■ Provided records:
==================================================
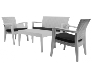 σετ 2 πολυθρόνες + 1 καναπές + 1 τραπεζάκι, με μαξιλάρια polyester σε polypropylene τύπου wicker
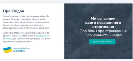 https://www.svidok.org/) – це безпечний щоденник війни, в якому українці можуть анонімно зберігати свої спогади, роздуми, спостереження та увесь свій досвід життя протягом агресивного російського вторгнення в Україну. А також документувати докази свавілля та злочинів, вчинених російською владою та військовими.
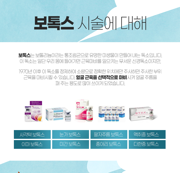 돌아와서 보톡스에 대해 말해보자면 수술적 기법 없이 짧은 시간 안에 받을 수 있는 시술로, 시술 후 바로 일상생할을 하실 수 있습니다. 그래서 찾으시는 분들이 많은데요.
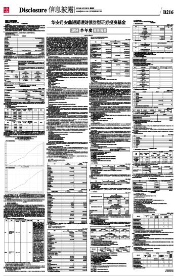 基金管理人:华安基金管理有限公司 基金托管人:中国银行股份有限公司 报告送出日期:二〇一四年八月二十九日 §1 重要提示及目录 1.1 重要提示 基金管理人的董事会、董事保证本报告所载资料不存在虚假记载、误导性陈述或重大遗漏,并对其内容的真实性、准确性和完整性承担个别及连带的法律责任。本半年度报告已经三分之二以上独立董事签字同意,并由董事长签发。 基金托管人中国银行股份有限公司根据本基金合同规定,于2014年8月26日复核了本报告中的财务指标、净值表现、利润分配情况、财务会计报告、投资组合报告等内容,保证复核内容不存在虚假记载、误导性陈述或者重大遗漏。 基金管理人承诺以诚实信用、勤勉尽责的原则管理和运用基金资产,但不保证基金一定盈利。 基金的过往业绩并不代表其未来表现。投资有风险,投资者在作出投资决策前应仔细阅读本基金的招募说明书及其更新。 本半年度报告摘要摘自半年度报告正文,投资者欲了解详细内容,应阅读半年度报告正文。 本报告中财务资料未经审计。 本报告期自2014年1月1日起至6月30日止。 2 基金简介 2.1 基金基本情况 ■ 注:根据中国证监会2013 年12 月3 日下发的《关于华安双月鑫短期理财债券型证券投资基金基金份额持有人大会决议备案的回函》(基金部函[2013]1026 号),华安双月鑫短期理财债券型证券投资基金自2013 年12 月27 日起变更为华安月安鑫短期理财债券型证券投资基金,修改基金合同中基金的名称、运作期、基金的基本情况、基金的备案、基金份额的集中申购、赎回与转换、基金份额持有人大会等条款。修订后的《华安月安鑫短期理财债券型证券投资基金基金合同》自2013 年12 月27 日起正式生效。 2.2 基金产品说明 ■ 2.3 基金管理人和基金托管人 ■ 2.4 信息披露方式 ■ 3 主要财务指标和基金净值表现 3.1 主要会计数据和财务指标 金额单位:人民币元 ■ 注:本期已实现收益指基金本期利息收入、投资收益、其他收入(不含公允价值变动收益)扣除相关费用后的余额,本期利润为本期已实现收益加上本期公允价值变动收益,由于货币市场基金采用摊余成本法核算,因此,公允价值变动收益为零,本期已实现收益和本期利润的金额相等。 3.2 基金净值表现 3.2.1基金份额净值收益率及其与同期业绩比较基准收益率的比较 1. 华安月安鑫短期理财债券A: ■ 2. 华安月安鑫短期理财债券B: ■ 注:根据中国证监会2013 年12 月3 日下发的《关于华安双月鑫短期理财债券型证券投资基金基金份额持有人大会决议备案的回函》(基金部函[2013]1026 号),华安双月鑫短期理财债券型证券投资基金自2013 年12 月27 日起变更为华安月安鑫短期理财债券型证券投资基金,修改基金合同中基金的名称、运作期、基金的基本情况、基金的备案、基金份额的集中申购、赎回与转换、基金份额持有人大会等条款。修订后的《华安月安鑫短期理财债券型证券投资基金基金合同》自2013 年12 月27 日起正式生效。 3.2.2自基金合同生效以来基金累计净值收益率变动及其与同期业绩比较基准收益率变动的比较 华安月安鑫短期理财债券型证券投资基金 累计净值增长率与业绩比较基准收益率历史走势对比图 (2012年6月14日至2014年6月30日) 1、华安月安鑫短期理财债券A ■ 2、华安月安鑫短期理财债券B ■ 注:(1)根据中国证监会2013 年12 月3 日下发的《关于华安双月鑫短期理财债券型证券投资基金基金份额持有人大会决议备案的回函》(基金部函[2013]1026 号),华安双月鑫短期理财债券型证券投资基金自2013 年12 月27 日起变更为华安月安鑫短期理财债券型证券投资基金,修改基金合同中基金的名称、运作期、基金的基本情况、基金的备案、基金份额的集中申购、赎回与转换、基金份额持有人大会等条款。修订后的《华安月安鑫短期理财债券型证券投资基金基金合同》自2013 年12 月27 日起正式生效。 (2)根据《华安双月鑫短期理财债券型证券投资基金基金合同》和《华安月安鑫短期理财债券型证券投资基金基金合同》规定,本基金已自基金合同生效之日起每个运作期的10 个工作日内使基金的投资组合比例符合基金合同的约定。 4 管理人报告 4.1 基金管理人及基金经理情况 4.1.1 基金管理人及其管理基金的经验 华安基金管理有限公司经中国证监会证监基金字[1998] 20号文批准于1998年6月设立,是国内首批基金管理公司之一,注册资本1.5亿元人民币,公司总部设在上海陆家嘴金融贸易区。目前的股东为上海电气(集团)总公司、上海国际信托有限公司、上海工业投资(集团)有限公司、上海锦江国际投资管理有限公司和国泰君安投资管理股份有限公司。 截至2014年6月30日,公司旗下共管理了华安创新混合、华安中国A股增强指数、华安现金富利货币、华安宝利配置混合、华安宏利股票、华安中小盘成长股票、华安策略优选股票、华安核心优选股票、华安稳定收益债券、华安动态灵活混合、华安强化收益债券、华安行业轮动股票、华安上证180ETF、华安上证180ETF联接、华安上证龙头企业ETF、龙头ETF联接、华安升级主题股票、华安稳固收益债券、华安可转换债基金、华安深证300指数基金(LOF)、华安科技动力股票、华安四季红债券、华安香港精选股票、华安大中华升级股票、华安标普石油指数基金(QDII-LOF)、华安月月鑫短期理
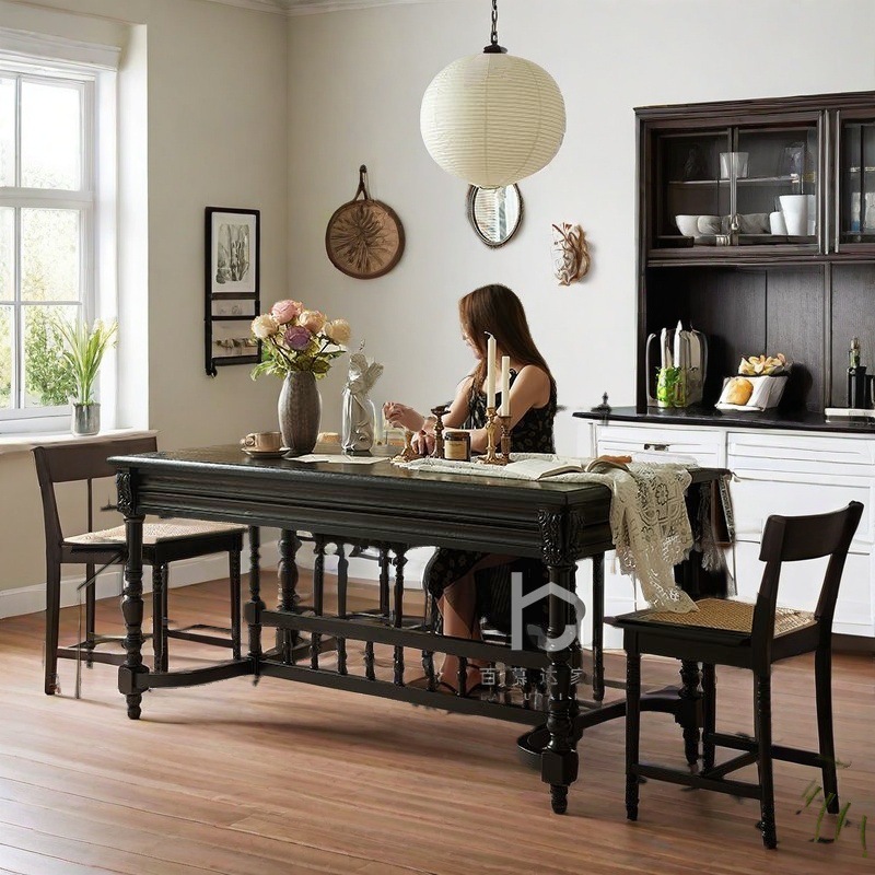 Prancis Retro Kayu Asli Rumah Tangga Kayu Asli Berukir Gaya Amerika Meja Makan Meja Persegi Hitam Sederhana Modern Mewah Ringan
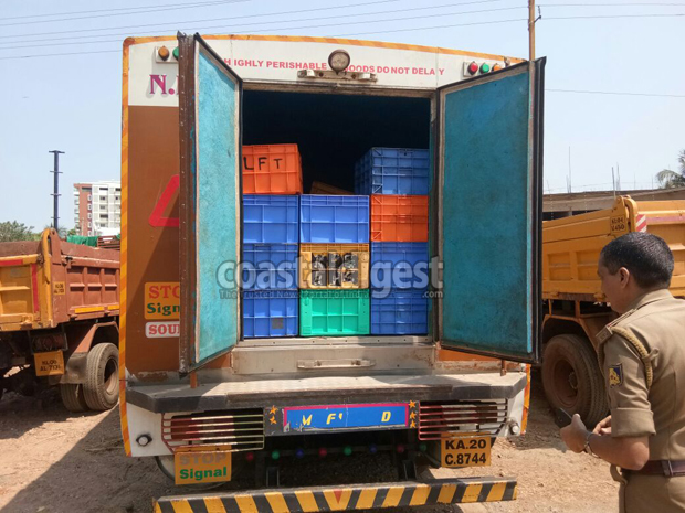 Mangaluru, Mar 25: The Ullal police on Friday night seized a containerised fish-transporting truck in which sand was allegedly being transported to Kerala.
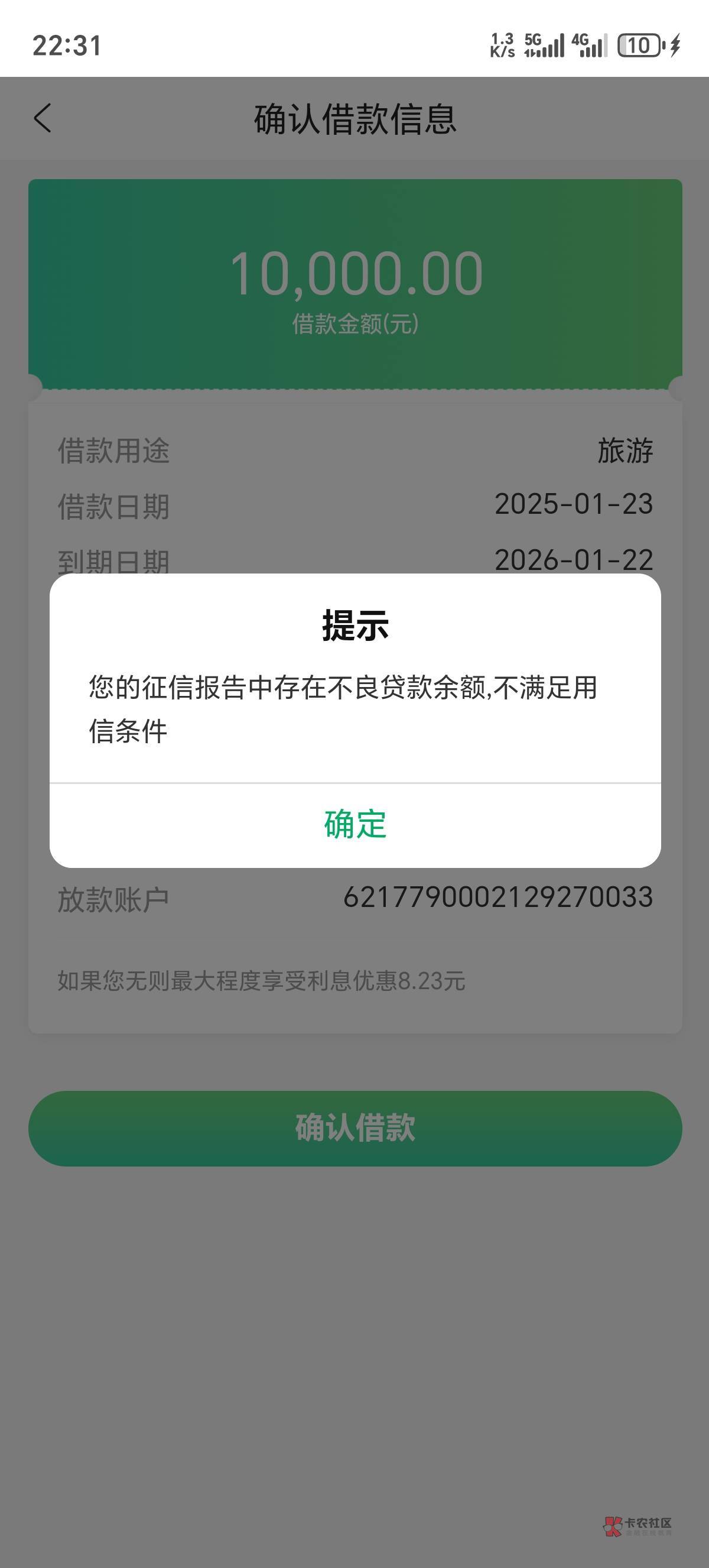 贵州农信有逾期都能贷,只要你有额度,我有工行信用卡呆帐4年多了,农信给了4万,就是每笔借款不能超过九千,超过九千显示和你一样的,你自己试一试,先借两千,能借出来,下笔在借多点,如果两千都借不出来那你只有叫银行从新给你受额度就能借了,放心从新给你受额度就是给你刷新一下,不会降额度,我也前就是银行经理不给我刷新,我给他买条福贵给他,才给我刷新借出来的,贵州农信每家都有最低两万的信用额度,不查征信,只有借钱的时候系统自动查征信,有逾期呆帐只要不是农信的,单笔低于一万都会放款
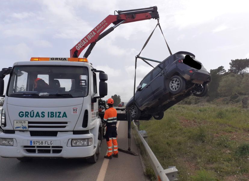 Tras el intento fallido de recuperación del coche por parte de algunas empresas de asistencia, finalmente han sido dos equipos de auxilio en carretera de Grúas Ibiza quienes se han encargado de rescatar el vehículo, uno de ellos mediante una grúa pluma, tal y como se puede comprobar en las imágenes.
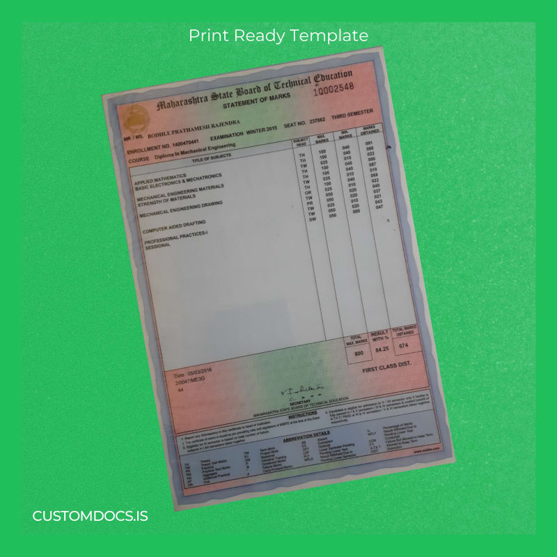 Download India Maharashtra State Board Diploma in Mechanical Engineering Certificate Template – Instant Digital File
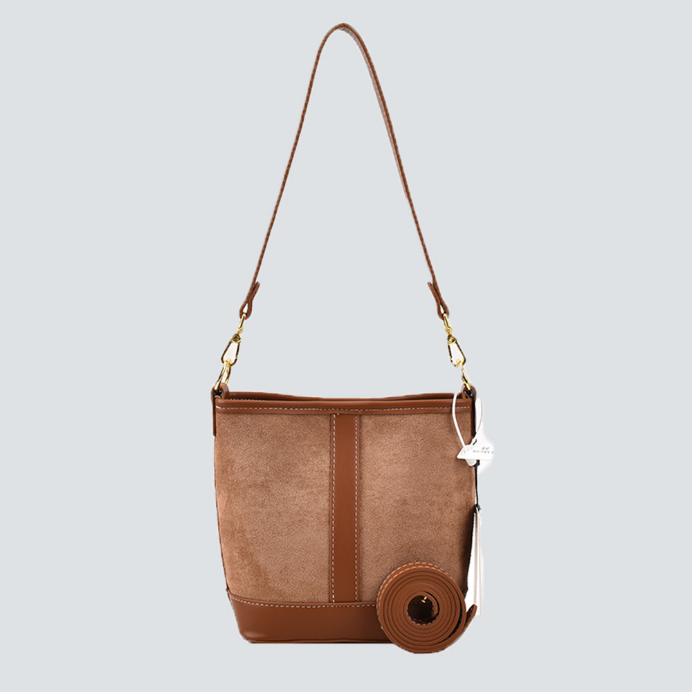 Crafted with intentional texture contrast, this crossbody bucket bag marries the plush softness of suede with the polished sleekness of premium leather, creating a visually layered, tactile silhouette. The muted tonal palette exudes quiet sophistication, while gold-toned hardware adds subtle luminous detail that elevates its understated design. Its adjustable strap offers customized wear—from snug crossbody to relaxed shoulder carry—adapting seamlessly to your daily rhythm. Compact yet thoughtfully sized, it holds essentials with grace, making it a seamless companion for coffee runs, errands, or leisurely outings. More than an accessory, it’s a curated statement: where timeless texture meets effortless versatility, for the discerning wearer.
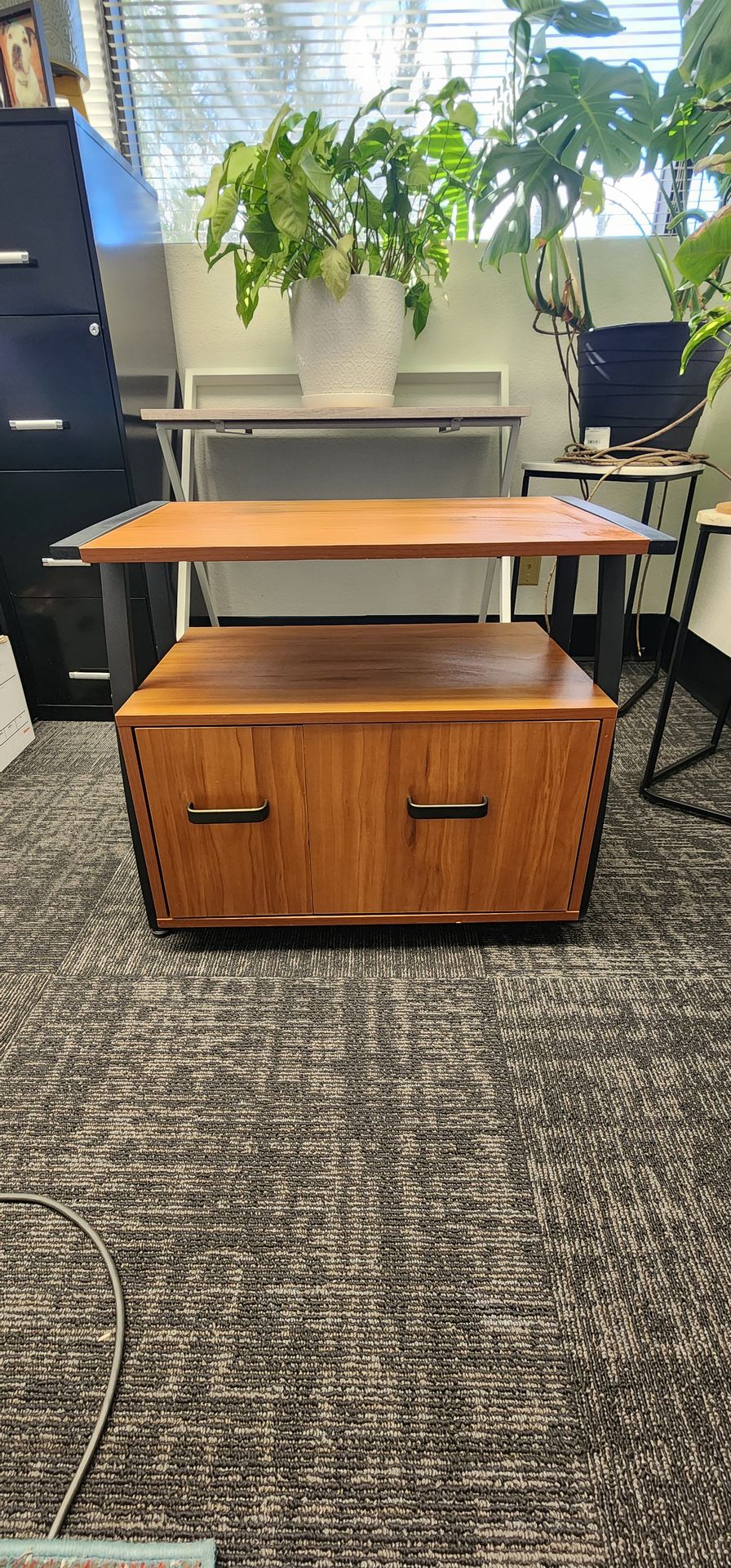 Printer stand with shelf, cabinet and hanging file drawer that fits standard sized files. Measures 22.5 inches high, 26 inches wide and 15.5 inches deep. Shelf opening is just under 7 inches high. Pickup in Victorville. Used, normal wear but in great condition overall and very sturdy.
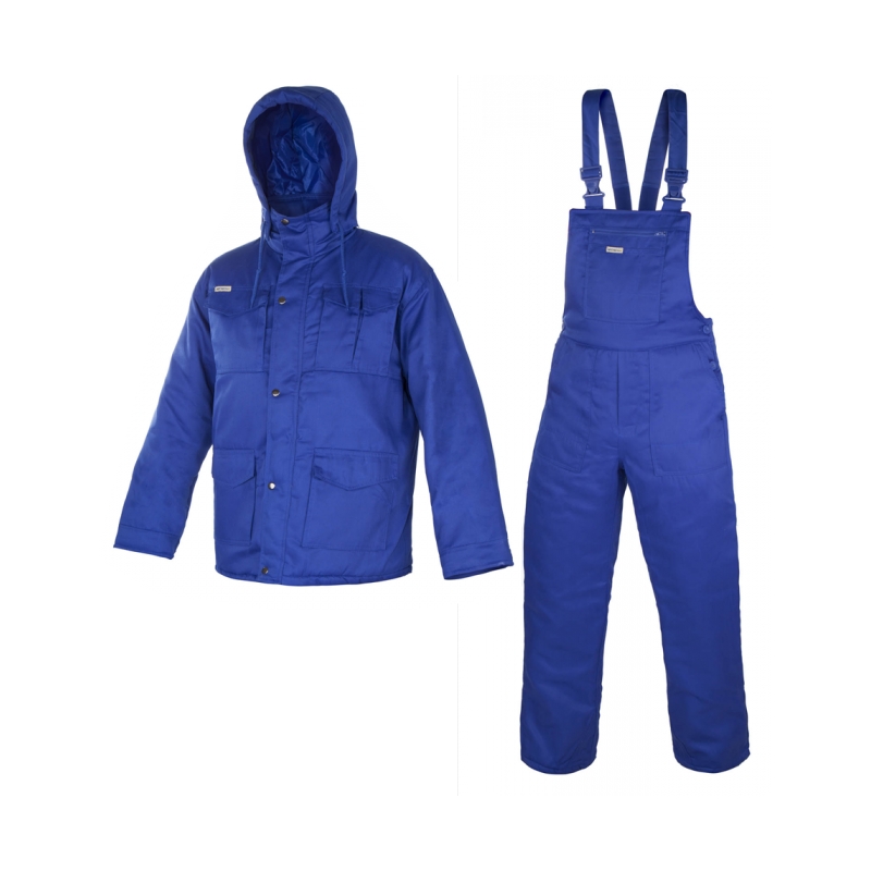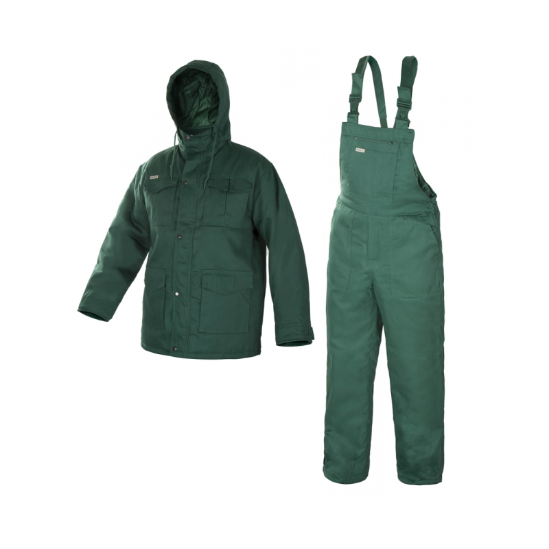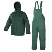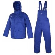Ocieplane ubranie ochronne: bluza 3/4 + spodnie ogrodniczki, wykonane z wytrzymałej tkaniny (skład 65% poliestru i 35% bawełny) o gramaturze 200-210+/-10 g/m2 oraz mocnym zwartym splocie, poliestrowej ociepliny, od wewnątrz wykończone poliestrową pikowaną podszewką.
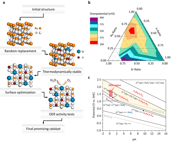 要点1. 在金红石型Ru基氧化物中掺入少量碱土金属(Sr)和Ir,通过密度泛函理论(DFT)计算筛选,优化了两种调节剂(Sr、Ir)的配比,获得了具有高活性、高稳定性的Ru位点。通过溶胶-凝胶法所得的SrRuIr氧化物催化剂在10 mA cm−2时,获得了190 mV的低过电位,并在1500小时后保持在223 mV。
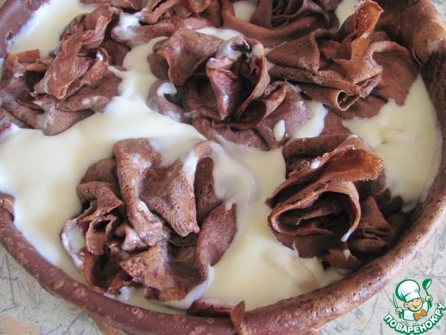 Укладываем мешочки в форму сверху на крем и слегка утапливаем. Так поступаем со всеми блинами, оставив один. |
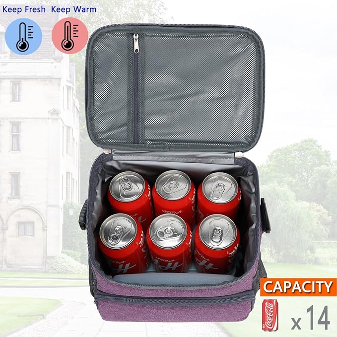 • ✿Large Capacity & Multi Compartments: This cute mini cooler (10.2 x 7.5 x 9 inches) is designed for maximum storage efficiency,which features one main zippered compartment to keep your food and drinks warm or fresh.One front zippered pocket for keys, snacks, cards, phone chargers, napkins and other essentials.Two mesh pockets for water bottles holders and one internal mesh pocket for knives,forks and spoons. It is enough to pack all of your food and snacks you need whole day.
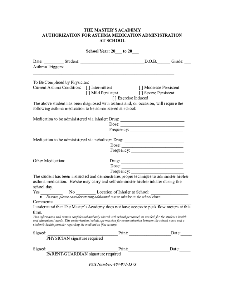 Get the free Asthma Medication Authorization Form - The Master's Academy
==================================================
■ Exercise directions: Which lines fall between the one containing "Ocieplane ubranie ochronne: bluza" and the last line of the listing, both included? Give them again exactly, without the pictures.

■ Written reply:
Ocieplane ubranie ochronne: bluza 3/4 + spodnie ogrodniczki, wykonane z wytrzymałej tkaniny (skład 65% poliestru i 35% bawełny) o gramaturze 200-210+/-10 g/m2 oraz mocnym zwartym splocie, poliestrowej ociepliny, od wewnątrz wykończone poliestrową pikowaną podszewką.
 要点1. 在金红石型Ru基氧化物中掺入少量碱土金属(Sr)和Ir,通过密度泛函理论(DFT)计算筛选,优化了两种调节剂(Sr、Ir)的配比,获得了具有高活性、高稳定性的Ru位点。通过溶胶-凝胶法所得的SrRuIr氧化物催化剂在10 mA cm−2时,获得了190 mV的低过电位,并在1500小时后保持在223 mV。
 Укладываем мешочки в форму сверху на крем и слегка утапливаем. Так поступаем со всеми блинами, оставив один. |
 • ✿Large Capacity & Multi Compartments: This cute mini cooler (10.2 x 7.5 x 9 inches) is designed for maximum storage efficiency,which features one main zippered compartment to keep your food and drinks warm or fresh.One front zippered pocket for keys, snacks, cards, phone chargers, napkins and other essentials.Two mesh pockets for water bottles holders and one internal mesh pocket for knives,forks and spoons. It is enough to pack all of your food and snacks you need whole day.
 Get the free Asthma Medication Authorization Form - The Master's Academy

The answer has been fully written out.